Biopanning and nanobody expression

After constructing the synthetic nanobody library, we used a panning method to enrich and isolate nanobodies with the specific ability to bind with AFB1 in the library. First, an AFB1 and BSA conjugate (AFB1-BSA) purchased form Sigma-Aldrich Corporation was coated onto the wells of a microtiter plate at 4 °C overnight. AFB1-BSA of 5 μg/well was used as the coating for the first round of panning; the antigen coating concentration in the second to fourth rounds was lowered to AFB1-BSA of 1 μg/well. The next day, the AFB1-BSA was removed, and the well was blocked with 3% BSA at room temperature for 1 h. Subsequently, library phage particles (10¹¹) were mixed with 3% BSA at a 1:1 ratio, and this mixture was then added to the well and incubated at room temperature for 2 h. Next, unbound phages were removed, and the well was washed 10 times through pipetting with PBS with 0.05% Tween 20 (PBST). Bound phages were eluted with 0.1 M HCl–glycine (pH 2.2)/0.1% BSA elution buffer and neutralized with 2 M Tris base buffer. The eluted phages were then used to infect E. coli strain ER2738 immediately for phage amplification. The amplified phages were precipitated and recovered according to a previously described method and used in the next round of panning [24]. The panning procedure was repeated four times. After panning, total library DNA was purified and transformed into E. coli strain TOP 10F′ (a nonsuppressor strain; Invitrogen). The transformed clones were randomly selected for individual nanobody expression and subsequently for binding analysis by ELISA. The positive clones were sequenced to infer the nanobodies’ primary structure. The nanobody genes were fused with HA and His tags. For further nanobody protein expression and purification, the interesting clone was grown overnight in 0.5 mM isopropyl b-D-thiogalactopyranoside (IPTG) for nanobody induction. Subsequently, recombinant nanobodies were purified with Ni²⁺-charged sepharose according to the manufacturer’s instructions (GE Healthcare Inc.).

Sequence analysis

To sequence the nanobody clones of interest, we used a primer (5′-GCTATGACCATGATTACGCCA-3′) complementary to the pectate lyase B signal sequence placed before the heavy chain variable region. Next, the international ImMunoGeneTics (IMGT) information system/V-QUEry and standardization system (http://imgt.org) were used to compile and analyse the sequence data.

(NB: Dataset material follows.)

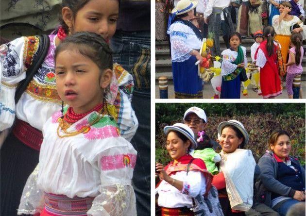 Kichwas是在厄瓜多尔安第斯山脉发现的民族之一。这些被分为几个不同的种族。例如,在厄瓜多尔北部,我们发现了奥塔瓦洛族群。奥塔瓦洛斯的传统女性服装包括一件绣有花朵的白色上衣和两条裙子的叠加,其中一条裙子是深色的。两条色彩鲜艳的腰带将它们托起。妇女们还把披肩披在肩上,并用带有金珠的大项链装饰自己。与更南边的民族不同,他们头上不戴毡帽。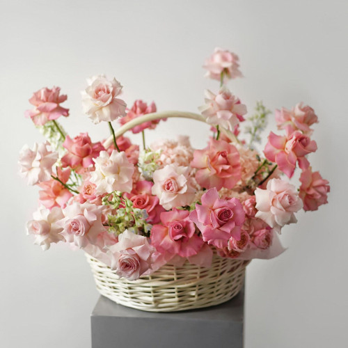 Květy jsou umístěny v dekorativním proutěném koši, který není nutné po uvadnutí vyhazovat. Naopak ho lze využít pro další dekorační účely.

Enzyme-linked immunosorbent assay

AFB1-BSA, MTX-BSA, or AFB1–ovalbumin (OVA) (0.5 μg/well) was coated onto the wells of a microtiter plate at 4 °C overnight. These wells were blocked with 5% skimmed milk, and nanobodies were then added to the wells at room temperature for 1 h. After a wash with PBST, bound nanobodies were detected, and signals were developed using the horseradish peroxidase (HRP)–conjugated mouse anti-HA tag antibody (Cell Signaling Technology, Inc.). Finally, 3,3′,5,5′-tetramethylbenzidine dihydrochloride (TMB) was added for signal development. The reaction was stopped through the addition of 1 N HCl, and absorbance was determined through optical density (OD) measurement at 450 nm.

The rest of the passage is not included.